= INFORMATION GIVEN =
────────────────────────────────────────

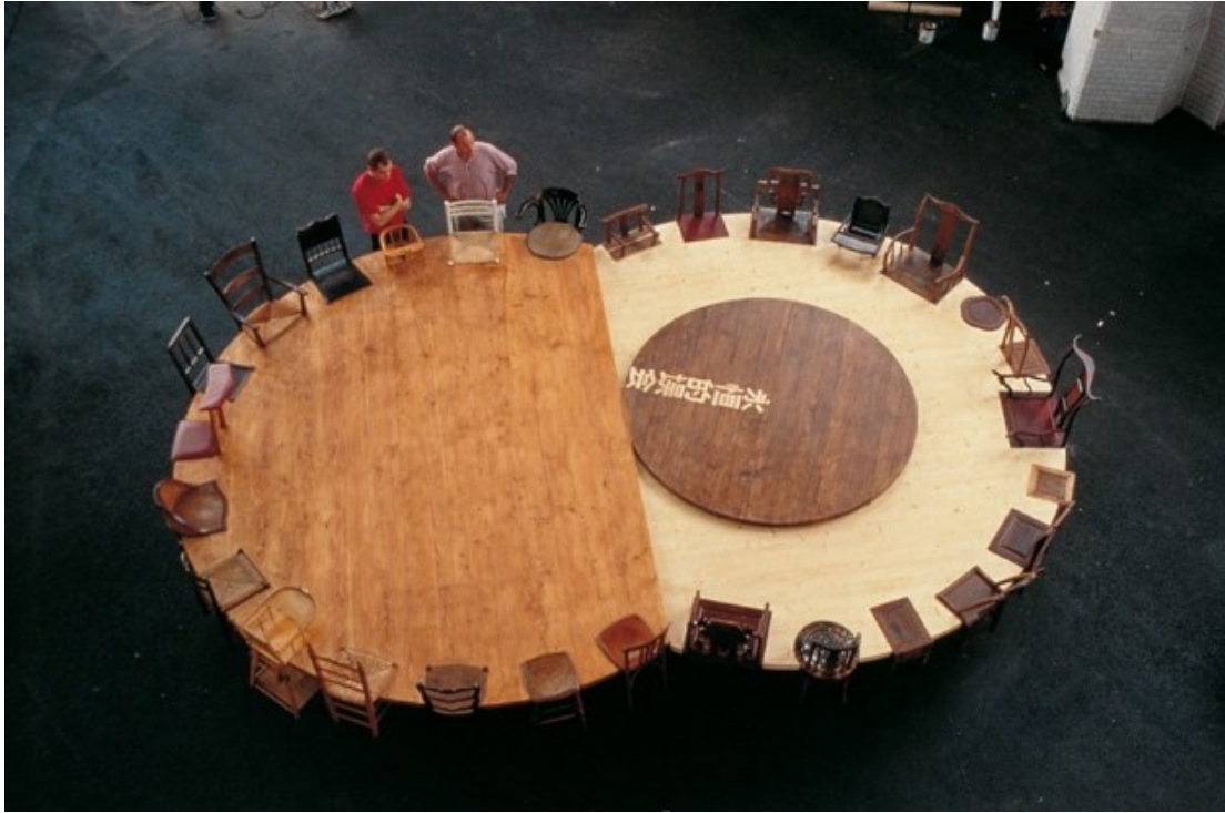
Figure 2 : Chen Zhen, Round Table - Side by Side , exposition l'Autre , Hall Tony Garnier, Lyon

────────────────────────────────────────

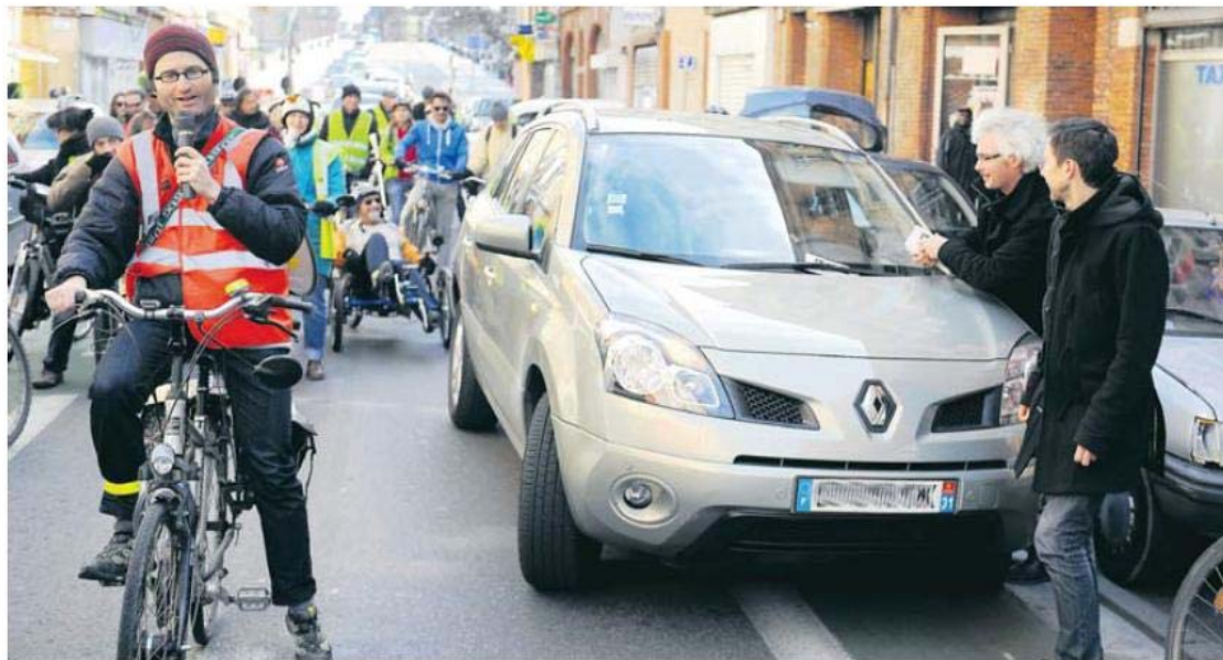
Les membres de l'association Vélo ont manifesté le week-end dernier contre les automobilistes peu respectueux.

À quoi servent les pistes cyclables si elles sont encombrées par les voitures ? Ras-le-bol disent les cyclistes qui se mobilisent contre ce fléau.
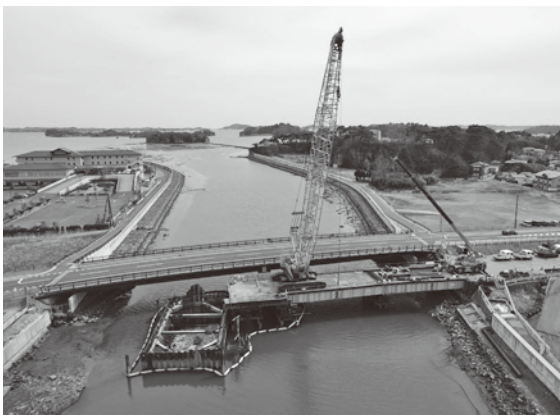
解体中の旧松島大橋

────────────────────────────────────────

= YOUR OBJECTIVE =
From the entries above, return each line with the word "contre" in it.

= RESPONSE BOX =
Les membres de l'association Vélo ont manifesté le week-end dernier contre les automobilistes peu respectueux.
À quoi servent les pistes cyclables si elles sont encombrées par les voitures ? Ras-le-bol disent les cyclistes qui se mobilisent contre ce fléau.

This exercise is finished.